Work item -> Would you please transcribe the listing exactly, with no images?

Records shown ->
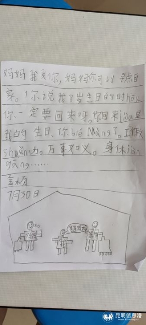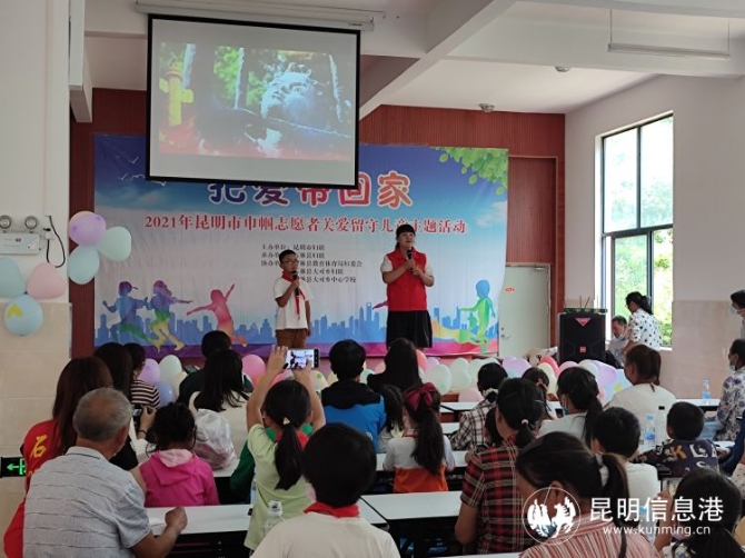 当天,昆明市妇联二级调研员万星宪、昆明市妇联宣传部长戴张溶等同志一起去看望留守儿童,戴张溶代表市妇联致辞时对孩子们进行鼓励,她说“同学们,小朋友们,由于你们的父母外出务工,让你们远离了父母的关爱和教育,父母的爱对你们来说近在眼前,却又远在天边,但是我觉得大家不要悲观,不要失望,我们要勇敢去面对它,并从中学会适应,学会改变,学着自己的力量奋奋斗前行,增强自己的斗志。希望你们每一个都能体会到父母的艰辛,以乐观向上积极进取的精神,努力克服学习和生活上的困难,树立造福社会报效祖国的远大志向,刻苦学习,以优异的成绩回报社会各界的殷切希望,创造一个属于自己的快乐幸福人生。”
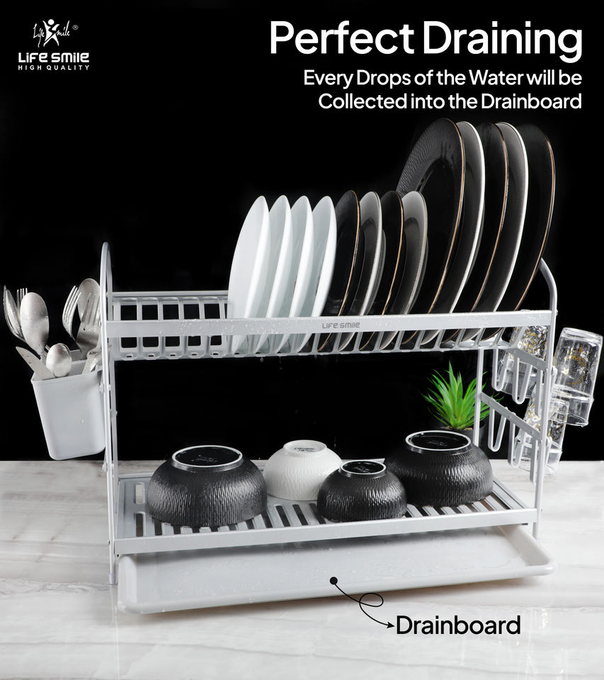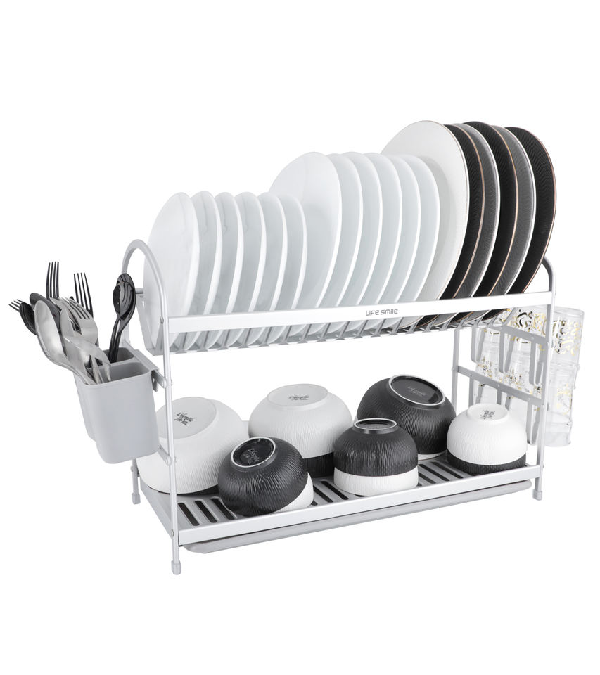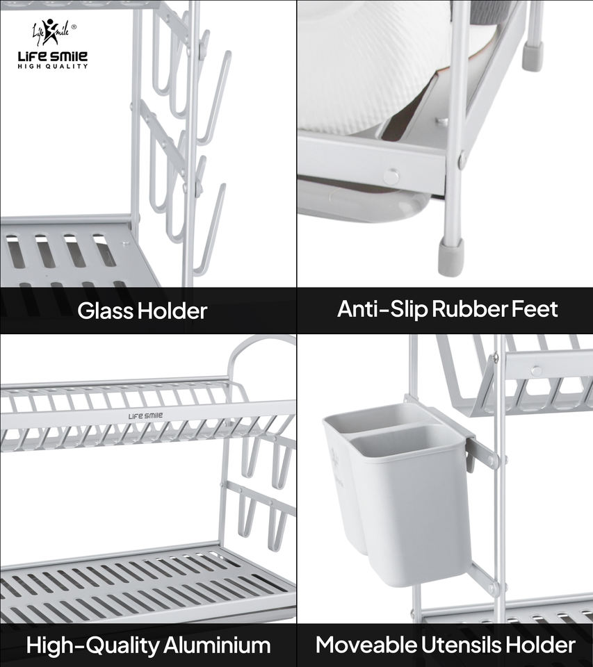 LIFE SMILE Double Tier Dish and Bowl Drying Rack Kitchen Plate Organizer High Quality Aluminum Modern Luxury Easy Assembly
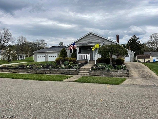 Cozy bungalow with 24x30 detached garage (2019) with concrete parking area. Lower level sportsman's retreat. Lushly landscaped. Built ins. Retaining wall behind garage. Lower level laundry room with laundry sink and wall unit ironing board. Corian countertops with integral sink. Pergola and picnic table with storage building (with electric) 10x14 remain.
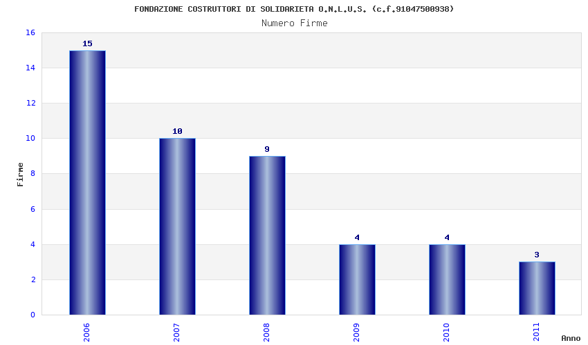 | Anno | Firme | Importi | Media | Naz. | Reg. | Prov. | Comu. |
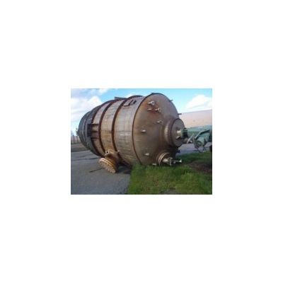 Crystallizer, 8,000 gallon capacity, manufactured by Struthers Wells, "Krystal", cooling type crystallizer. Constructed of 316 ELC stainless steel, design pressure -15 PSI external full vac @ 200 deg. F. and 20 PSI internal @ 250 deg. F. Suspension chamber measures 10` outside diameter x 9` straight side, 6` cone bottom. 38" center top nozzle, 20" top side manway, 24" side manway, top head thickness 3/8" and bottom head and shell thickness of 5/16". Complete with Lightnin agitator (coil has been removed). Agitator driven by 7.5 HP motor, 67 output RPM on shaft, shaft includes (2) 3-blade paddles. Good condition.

Solution to the exercise ->
 当天,昆明市妇联二级调研员万星宪、昆明市妇联宣传部长戴张溶等同志一起去看望留守儿童,戴张溶代表市妇联致辞时对孩子们进行鼓励,她说“同学们,小朋友们,由于你们的父母外出务工,让你们远离了父母的关爱和教育,父母的爱对你们来说近在眼前,却又远在天边,但是我觉得大家不要悲观,不要失望,我们要勇敢去面对它,并从中学会适应,学会改变,学着自己的力量奋奋斗前行,增强自己的斗志。希望你们每一个都能体会到父母的艰辛,以乐观向上积极进取的精神,努力克服学习和生活上的困难,树立造福社会报效祖国的远大志向,刻苦学习,以优异的成绩回报社会各界的殷切希望,创造一个属于自己的快乐幸福人生。”
 LIFE SMILE Double Tier Dish and Bowl Drying Rack Kitchen Plate Organizer High Quality Aluminum Modern Luxury Easy Assembly
 Cozy bungalow with 24x30 detached garage (2019) with concrete parking area. Lower level sportsman's retreat. Lushly landscaped. Built ins. Retaining wall behind garage. Lower level laundry room with laundry sink and wall unit ironing board. Corian countertops with integral sink. Pergola and picnic table with storage building (with electric) 10x14 remain.
 | Anno | Firme | Importi | Media | Naz. | Reg. | Prov. | Comu. |
 Crystallizer, 8,000 gallon capacity, manufactured by Struthers Wells, "Krystal", cooling type crystallizer. Constructed of 316 ELC stainless steel, design pressure -15 PSI external full vac @ 200 deg. F. and 20 PSI internal @ 250 deg. F. Suspension chamber measures 10` outside diameter x 9` straight side, 6` cone bottom. 38" center top nozzle, 20" top side manway, 24" side manway, top head thickness 3/8" and bottom head and shell thickness of 5/16". Complete with Lightnin agitator (coil has been removed). Agitator driven by 7.5 HP motor, 67 output RPM on shaft, shaft includes (2) 3-blade paddles. Good condition.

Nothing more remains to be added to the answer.